Our results were obtained with amateur cyclists; hence the differences in ventilatory and cardiovascular parameters may probably be even higher in other populations with lower physical capacity (sedentary people, patients with COPD, allergic rhinitis, asthma, etc.). We will focus our attention on identifying those future research directions to analyze the effects of FB on patients with either chronic obstructive pulmonary disease (COPD) or restrictive ventilatory disorders.

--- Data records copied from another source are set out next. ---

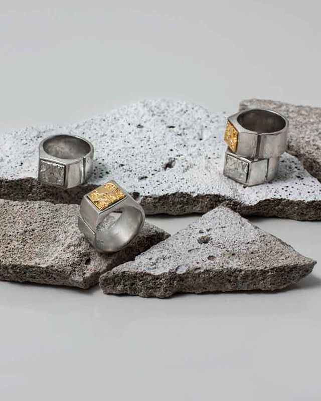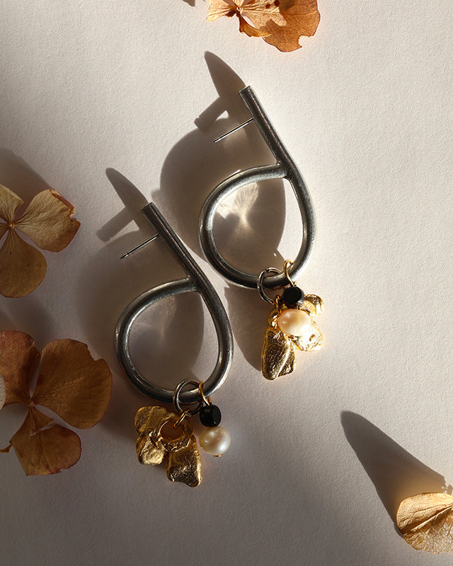 Every piece is one-of-a-kind and crafted by hand in Montreal, using high-quality materials. The distinctiveness of pewter, glass, resin, and pearls, with subtle variations in their shapes and colors, gives each piece of jewelry a unique allure.
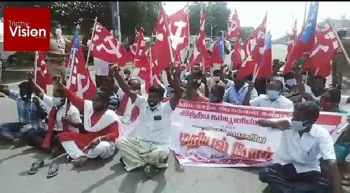 இந்நிலையில் புதிய வேளாண் சட்டங்களை திரும்பப் பெற வலியுறுத்தியும், தொழிலாளர் சட்டங்களை கைவிட கோரியும் இந்திய கம்யூனிஸ்ட் கட்சியினர் சாலை மறியல் போராட்டத்தில் ஈடுபட்டுள்ளனர்.
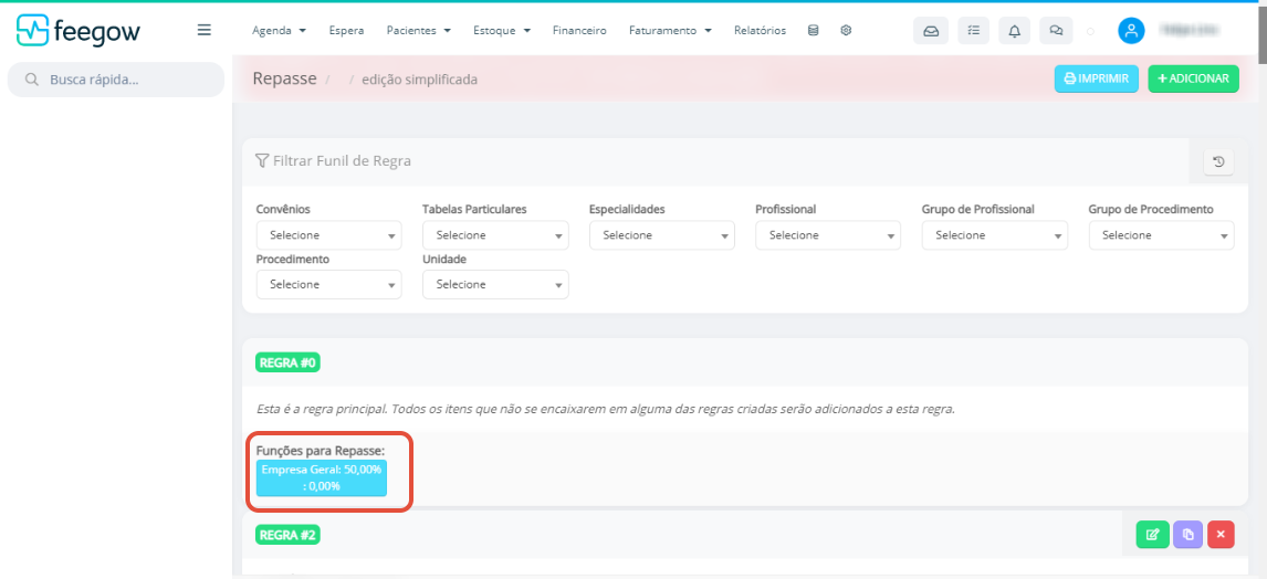 - Será necessário buscar pela regra de repasse que está configurada para esse caso.

Despite the important findings obtained, there are some limitations in this study. The effect of FB in a maximal exercise, which could determine a totally different breathing pattern, remains unknown. Moreover, it would be interesting to measure the inspiratory muscle activation with EMG during exercise to compare the pattern with NB and ONB. In future research we will compare this new device for IMT with classic devices during a follow-up period in healthy subjects and in patients with either chronic obstructive pulmonary disease or restrictive ventilatory disorders.

 

Conclusion

Restriction of nasal breathing through a device such as FeelBreathe could be used for the inspiratory muscular training during moderate exercise intensity, since it clearly modifies the breathing pattern and respiratory variables. Its simple design determines its practical use for a wide range of sports modalities as well as for patients with respiratory disorders who could benefit from improved inspiratory muscle strength and efficiency oxygen delivery. Our findings provide direction for future studies designed to examine the benefits of using this device for respiratory muscle training. However, how this device can be used most efficiently and which are the most appropriate protocols and programs need to be determined in future studies.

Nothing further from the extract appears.